Dick Tracy's G-Men (1939) is a 15-Chapter Republic movie serial based on the Dick Tracy comic strip by Chester Gould.  It was directed by William Witney and John English.

This serial was the fifteenth of the sixty-six produced by Republic and the third Dick Tracy serial (there would be one more, Dick Tracy vs.
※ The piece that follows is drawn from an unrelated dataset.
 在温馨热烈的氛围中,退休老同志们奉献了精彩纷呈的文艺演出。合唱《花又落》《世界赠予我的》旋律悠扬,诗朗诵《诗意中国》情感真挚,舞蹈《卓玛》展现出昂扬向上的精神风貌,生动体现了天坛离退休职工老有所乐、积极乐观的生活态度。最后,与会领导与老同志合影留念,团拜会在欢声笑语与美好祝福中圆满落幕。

Crime, Inc., in 1941).  As with all four Dick Tracy serials, Ralph Byrd plays the lead.  This time he faces Irving Pichel as the spy with a vendetta, Zarnoff.  Future Academy Award winner Jennifer Jones co-stars as Gwen Andrews.
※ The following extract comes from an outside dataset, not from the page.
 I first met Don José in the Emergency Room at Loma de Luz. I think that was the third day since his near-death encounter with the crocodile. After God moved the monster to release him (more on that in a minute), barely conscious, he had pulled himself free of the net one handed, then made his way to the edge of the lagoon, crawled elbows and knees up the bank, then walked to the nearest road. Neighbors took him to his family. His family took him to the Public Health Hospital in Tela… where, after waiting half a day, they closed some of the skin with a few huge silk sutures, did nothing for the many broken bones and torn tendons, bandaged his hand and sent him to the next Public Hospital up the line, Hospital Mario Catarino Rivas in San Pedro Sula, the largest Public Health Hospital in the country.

"G-Man" is a contemporary slang term for an agent of the FBI.  In the comic strip, Dick Tracy is actually a detective in the police force of an unnamed Midwestern city resembling Chicago.  This was changed for the serial.

Plot
International spy, Zarnoff, in the employ of "The Three Powers" (presumably a fictionalized reference to the Axis) is captured by Dick Tracy at the start of the serial, tried and sentenced to death.  However, through the use of a rare drug embedded by his agents in the evening newspaper, he escapes from the gas chamber.  His men pick up his "corpse" by ambushing the hearse and administering another counter-drug.  He continues his espionage plans, while taking the opportunity of revenge on Tracy.

Cast
 Ralph Byrd as Dick Tracy
 Irving Pichel as Nicolas Zarnoff
 Ted Pearson as Steve Lockwood
 Phyllis Isley as Gwen Andrews.  Phyllis Isley went on to win an Academy Award for best actress four years later in 1943 for The Song of Bernadette, under the screen name Jennifer Jones.
 Walter Miller as Robal, one of Zarnoff's henchmen. This was Walter Miller's last serial, he died shortly afterwards.
 George Douglas as Sandoval, one of Zarnoff's henchmen

Production
Dick Tracy's G-Men was budgeted at $159,876 although the final negative cost was $163,530 (a $3,654, or 2.3%, overspend).  Although the previous serial, Daredevils of the Red Circle, came in under budget that was an exception to the rule.  Most Republic serials were slightly overbudget and this one was not significantly so in comparison.

It was filmed between 17 June and 27 July 1939 under the working title Dick Tracy and his G-Men.  The serial's production number was 896.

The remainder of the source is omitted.